Now, for those other piddling complaints
Breath'd out in bitterness, as when they call me
Extortioner, tyrant, cormorant, or intruder
On my poor neighbour's rights or grand incloser
Of what was common to my private use,
Nay, when my ears are pierced with widows' cries,
And undone orphans wash with tears my threshold,
I only think what 'tis to have my daughter
Right honourable; and 'tis a powerful charm
Makes me insensible to remorse or pity,
Or the least sting of conscience.

Put this into the third person; read 'he' for 'I,' and 'his' for 'my,' and it is an admirable bit of denunciation of a character probably intended as a copy from life. It is a description of a wicked man from outside; and wickedness seen from outside is generally unreasonable and preposterous. When it is converted, by simple alteration of pronouns, into the villain's own account of himself, the internal logic which serves as a pretext disappears, and he becomes a mere monster. It is for this reason that, as Hazlitt says, Massinger's villains—and he was probably thinking especially of Overreach and Luke in 'A City Madam'—appear like drunkards or madmen. His plays are apt to be a continuous declamation, cut up into fragments, and assigned to the different actors; and the essential unfitness of such a method to dramatic requirements needs no elaborate demonstration. The villains will have to denounce themselves, and will be ready to undergo conversion at a moment's notice, in order to spout openly on behalf of virtue as vigorously as they have spouted in transparent disguise on behalf of vice.
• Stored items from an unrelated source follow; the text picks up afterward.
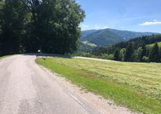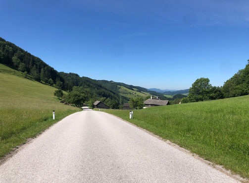 We drove to Hainfeld by car and started our journey from there, venturing into a stunning, hilly landscape, moving from valley to valley. Since Norbert's father owns a house in the area, he knows almost every mountain and designed a highly technical loop for us. The first 45 kilometers were moderately hilly, with short steep sections—just enough for a solid warm-up. We made our way through Plambach and Mainburg to reach the Pielach Valley, named after the river flowing through it. From there, we crossed over to Kirchberggegend and continued toward Kirchberg. Before entering Kirchberg, however, we tackled our first significant climb to Plankenstein.
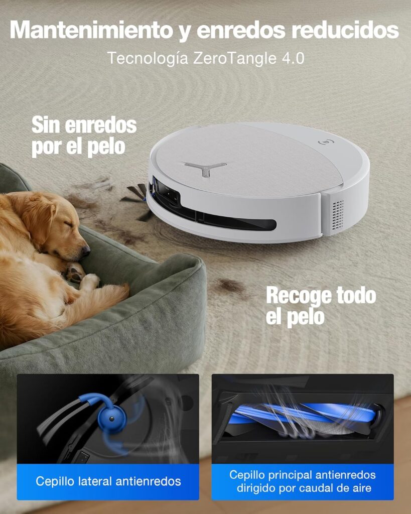 El Deebot T90 Omni ostenta una de las potencias más altas del mercado: 30.000 Pa de succión. Este caudal de aire de 16 l/s permite capturar el 100% de las partículas en alfombras y suelos duros. Para los dueños de mascotas, la tecnología ZeroTangle 4.0 es un cambio de juego. Su cepillo principal utiliza canales de flujo de aire laterales que guían el pelo directamente al depósito, evitando los tediosos enredos que suelen bloquear otros dispositivos.
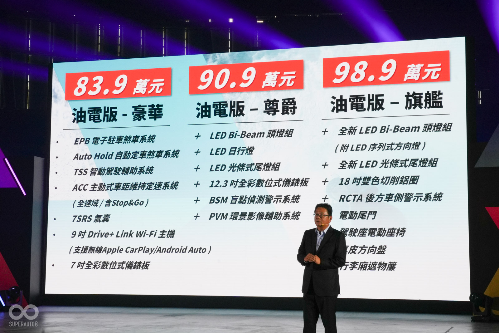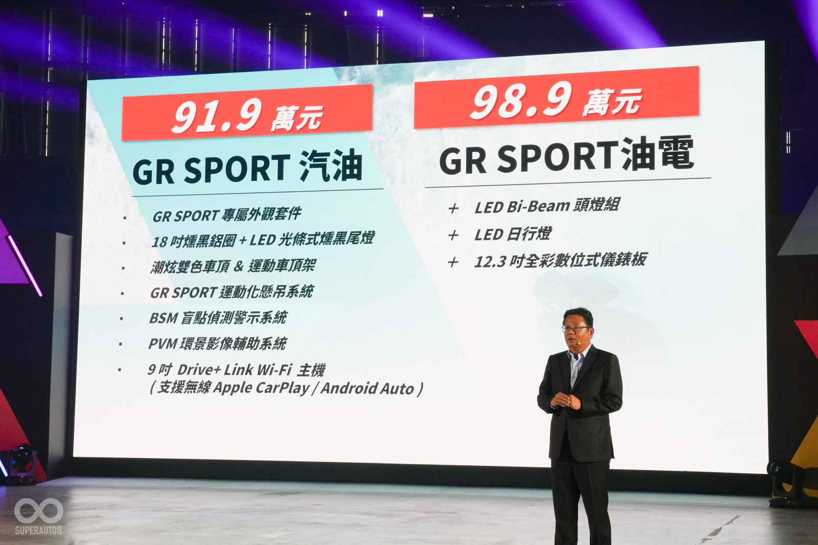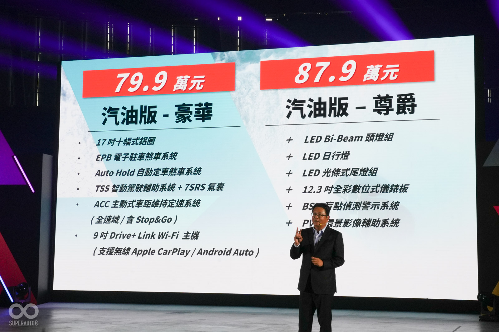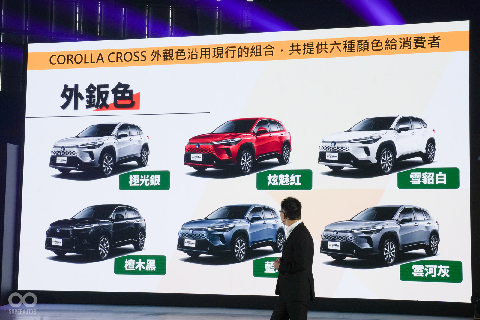 在等級編成上,COROLLA CROSS提供汽油豪華、汽油尊爵、汽油GR SPORT、油電豪華、油電尊爵、油電旗艦、油電GR SPORT,共七種等級以滿足不同消費者需求,汰舊換新價74.9.萬起。車色選擇上,一般版提供雪貂白、極光銀、雲河灰、檀木黑、炫魅紅、藍曜灰六種外觀車色,GR SPORT版則提供雪貂白、極光銀、雲河灰、炫魅紅及新色奔放藍供消費者選擇。

There is another consequence of Massinger's romantic tendency, which is more pleasing. The chivalrous ideal of morality involves a reverence for women, which may be exaggerated or affected, but which has at least a genuine element in it. The women on the earlier stage have comparatively a bad time of it amongst their energetic companions. Shakespeare's women are undoubtedly most admirable and lovable creatures; but they are content to take a subordinate part, and their highest virtue generally includes entire submission to the will of their lords and masters. Some, indeed, have an abundant share of the masculine temperament, like Cleopatra or Lady Macbeth; but then they are by no means model characters. Iago's description of the model woman is a cynical version of the true Shakespearian theory. Women's true sphere, according to him, or according to the modern slang, is domestic life; and if circumstances force a Cordelia, an Imogen, a Rosalind, or a Viola, to take a more active share in life, they take good care to let us know that they have a woman's heart under their man's doublet. The weaker characters in Massinger give a higher place to women, and justify it by a sentiment of chivalrous devotion. The excess, indeed, of such submissiveness is often satirised. In the 'Roman Actor,' the 'Emperor of the East,' the 'Duke of Milan,' the 'Picture,' and elsewhere, we have various phases of uxorious weakness, which suggest a possible application to the Court of Charles I. Elsewhere, as in the 'Maid of Honour' and the 'Bashful Lover,' we are called upon to sympathise with manifestations of a highflown devotion to feminine excellence. Thus, the bashful lover, who is the hero of one of his characteristic dramatic romances, is a gentleman who thinks himself scarcely worthy to touch his mistress's shoe-string. On the sight of her he exclaims—

As Moors salute
The rising sun with joyful superstition,
I could fall down and worship.—O my heart!
Like Phœbe breaking through an envious cloud,
Or something which no simile can express,
She shows to me; a reverent fear, but blended
With wonder and astonishment, does possess me.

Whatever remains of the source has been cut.